Provided data START

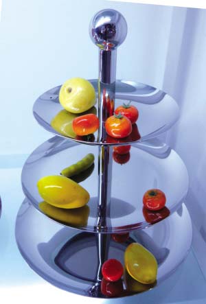 青松般筆直矗立,自下而上漸變的圓盤(pán)堆疊,拓展了立體空間,既美觀又實(shí)用。針對(duì)不同家庭需求,還專(zhuān)門(mén)設(shè)計(jì)生產(chǎn)雙層鋼果盤(pán)。
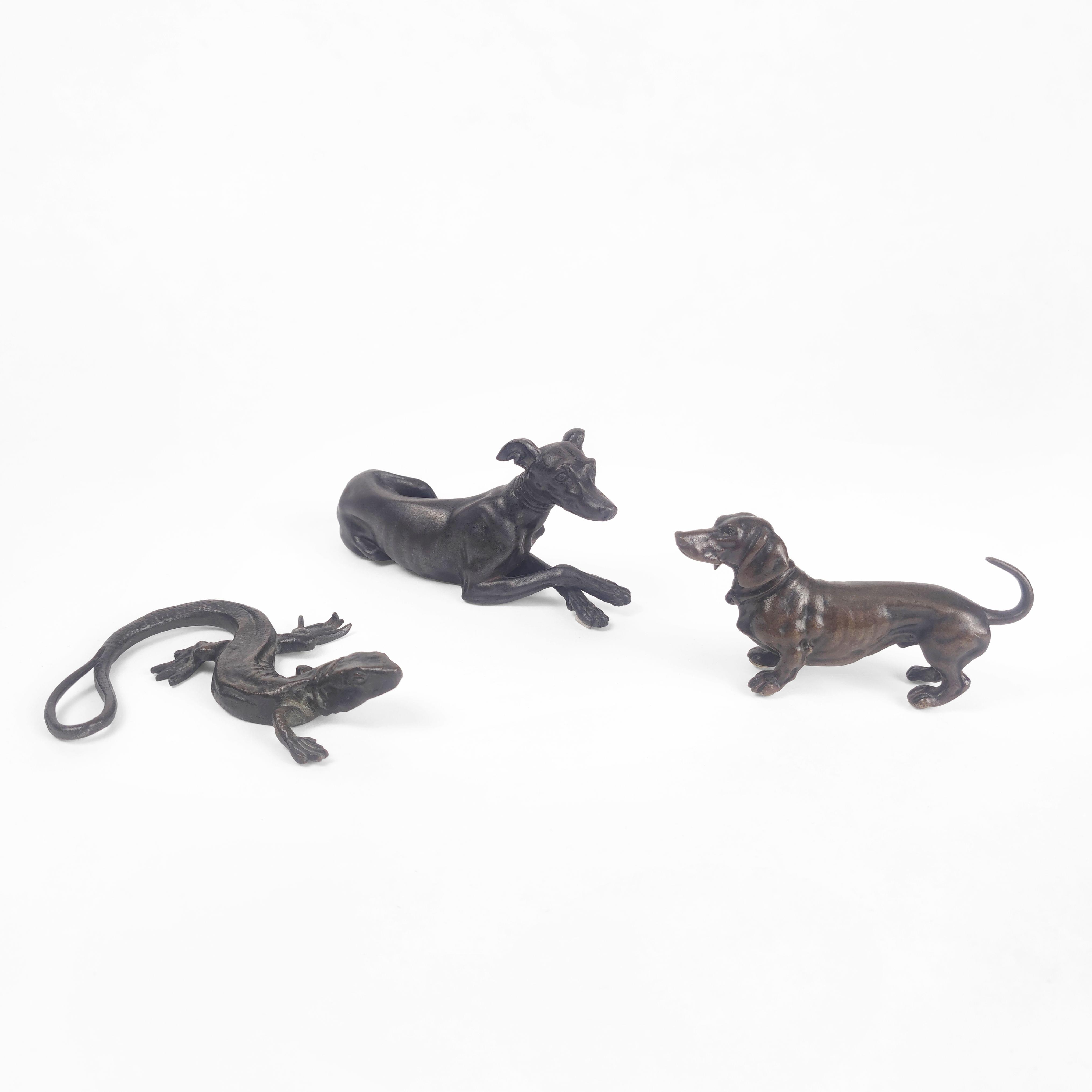 4075. Trois sculptures figurant un lévrier, un teckel et un lézard
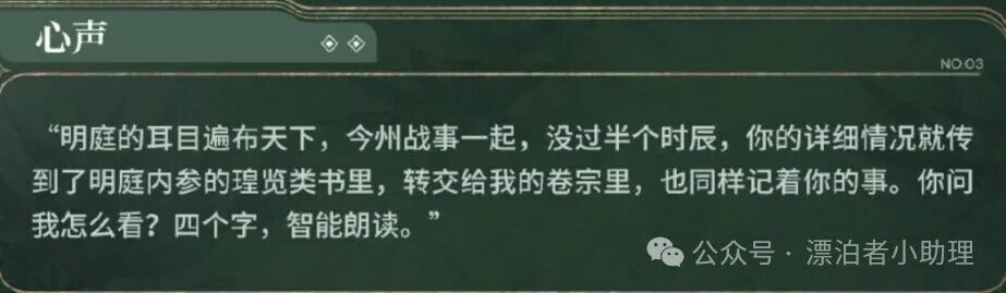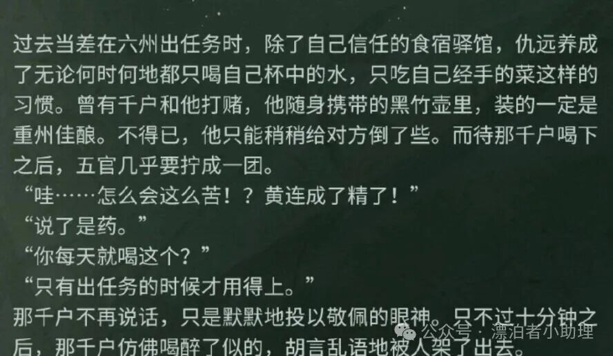 他总随身带着个竹壶,壶里盛着能催动心境与共鸣能力的药液。这药液滋味极苦,从前有位千户打赌说壶中是重州佳酿,尝了一口后便直叹“黄连成精”,没一会儿还醉倒了——也难怪他只在出任务的必要关头才肯饮用,这位江湖浪客的“专属饮品”,果然够独特。
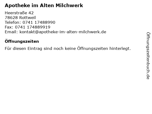 | Öffnungszeiten Apotheke im Alten Milchwerk in Rottweil anzeigen | |
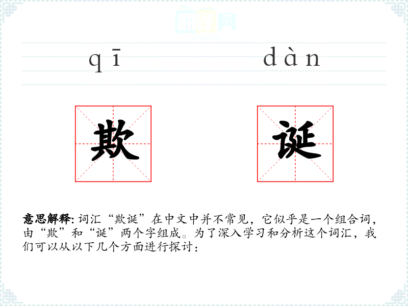 - 词源:由于“欺诞”不是一个常用词汇,其词源不明确。可能是现代汉语中由“欺”和“诞”组合而成的新词。
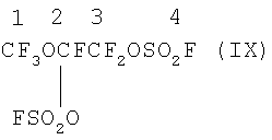 Установлено, что электролиз гексафторпропилена (II) во фторсульфоновой кислоте в потенциостатическом режиме приводит к образованию смеси вицинального бис-фторсульфата CF3CF(OSO2F)CF2OSO2F и фторсульфатодимера а не смеси двух изомерных бис(фторсульфонилокси)перфторизогексанов, образующихся из гексафторпропилена под действием электрохимически генерируемого пероксидисульфурилдифторида (Millauer Н. Deutschland Patent Application No DE 3128 118 A1, 1981; Schwerfeger W., Sigemund G, Millauer Н., тезисы 11-ого Международного Симпозиума по химии фтора, Берлин, 1985, с.82).
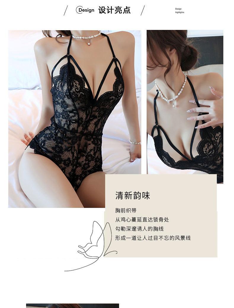 Lencería sexy de noche larga para mujer, pijama de encaje con tentación sexy, mono abierto sin mangas, uniforme de tentación 1030
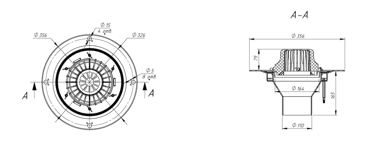 Механический способ соединения кровельного полотна с воронкой применим для всех типов гидроизоляционных материалов. Комплектуется шестигранными гайками и барашками для удоб-ства монтажа.
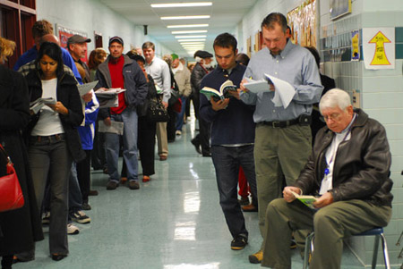等到孩子們真正長大可以投票的時(shí)候,他們在熱情高漲的同時(shí)又不乏理性。在呂芳的想像中,投票站應(yīng)該是兩方對壘,支持者搖旗吶喊才對。結(jié)果卻完全出乎他的預(yù)料。大選當(dāng)天,呂芳所在小組參觀的第一個(gè)投票點(diǎn)在弗吉尼亞Falls Church縣的一個(gè)社區(qū)活動中心。他們到那里時(shí)剛過6點(diǎn),投票點(diǎn)外已經(jīng)排起了長龍,蜿蜒足有一二百米。人群中,有人帶著蹣跚學(xué)步的孩子,有人坐著輪椅,有人自己帶著椅子……“但是,整個(gè)人群靜悄悄的,沒有一點(diǎn)激動人心的表現(xiàn)!

Provided data END

> Problem to solve:
Skip the pictures and restate exactly the lines from the beginning of the listing to the line with "anzeigen | |", that line included.

> Your response:
 青松般筆直矗立,自下而上漸變的圓盤(pán)堆疊,拓展了立體空間,既美觀又實(shí)用。針對(duì)不同家庭需求,還專(zhuān)門(mén)設(shè)計(jì)生產(chǎn)雙層鋼果盤(pán)。
 4075. Trois sculptures figurant un lévrier, un teckel et un lézard
 他总随身带着个竹壶,壶里盛着能催动心境与共鸣能力的药液。这药液滋味极苦,从前有位千户打赌说壶中是重州佳酿,尝了一口后便直叹“黄连成精”,没一会儿还醉倒了——也难怪他只在出任务的必要关头才肯饮用,这位江湖浪客的“专属饮品”,果然够独特。
 | Öffnungszeiten Apotheke im Alten Milchwerk in Rottweil anzeigen | |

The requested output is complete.